Updates on how dynamic, risk-managed investment solutions are performing in the current market environment.
The ETF Deathwatch list shrank in February. Five exchange-traded products (“ETPs”) were added to the list, and 24 funds were removed. All 24 of those removals were due to increased health, which is no surprise given the strong performance of the S&P 500 Index and the Dow Jones Industrial Average in February. There were no fund closures last month.
Various niche products were added to the Deathwatch last month. All were added because they had a low average daily volume for the past three months. These additions have enough assets under management (“AUM”) to keep them from closure; however, our system takes into account both AUM and volume, so it’s likely that should volume and interest remain low, these funds may be considered for closure.
The low volume in these funds could be due to the nature of their investment product. The additions to the Deathwatch were either actively managed funds built for capital preservation or other types of niche products. The rally in the major indexes over the past few months may have caused investors to avoid these products in favor of higher-risk options or funds that track the major indexes.

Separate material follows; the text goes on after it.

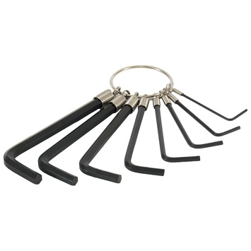 Prima setje inbussleutels, handig de sleutels uit te nemen voor individueel gebruik door het sluitveertje. de sleutels zijn van redelijke kwaliteit, bij veel gebruik zie je dat de kop slijt, voor de prijs valt daar echter niet over te klagen, én je raakt ze toch redelijk snel kwijt als je ze los haalt.

A wide variety of funds were removed from the Deathwatch due to improved health. With the number of new COVID cases decreasing, more people being vaccinated, and many economic indicators pointing toward a strong economic outlook, it makes sense that so many ETFs have seen an uptick in volume and AUM.
Forty ETFs and exchange-traded notes (“ETNs”) on Deathwatch this month have been in the market for more than 10 years. This is a long time for ETPs to exist while remaining on our Deathwatch list. Leveraged and short ETF instruments, as well as several commodity ETPs, dominate our list of funds older than 10 years. The fund companies managing these products may allow them to remain active, as they likely play a larger role for clients interested in active management.
The average asset level of the threatened ETFs on ETF Deathwatch increased from $9.29 million to $9.56 million, and 22 products had less than $2 million in assets. The average age of products on the list increased from 55.21 to 55.78, and the number of products more than 5 years of age decreased from 109 to 104. The largest ETF on the list had an AUM of $24.90 million, while the smallest had assets of just $526,530.
Here is the Complete List of 320 ETFs and ETNs on ETF Deathwatch for February 2021 compiled using the objective ETF Deathwatch Criteria.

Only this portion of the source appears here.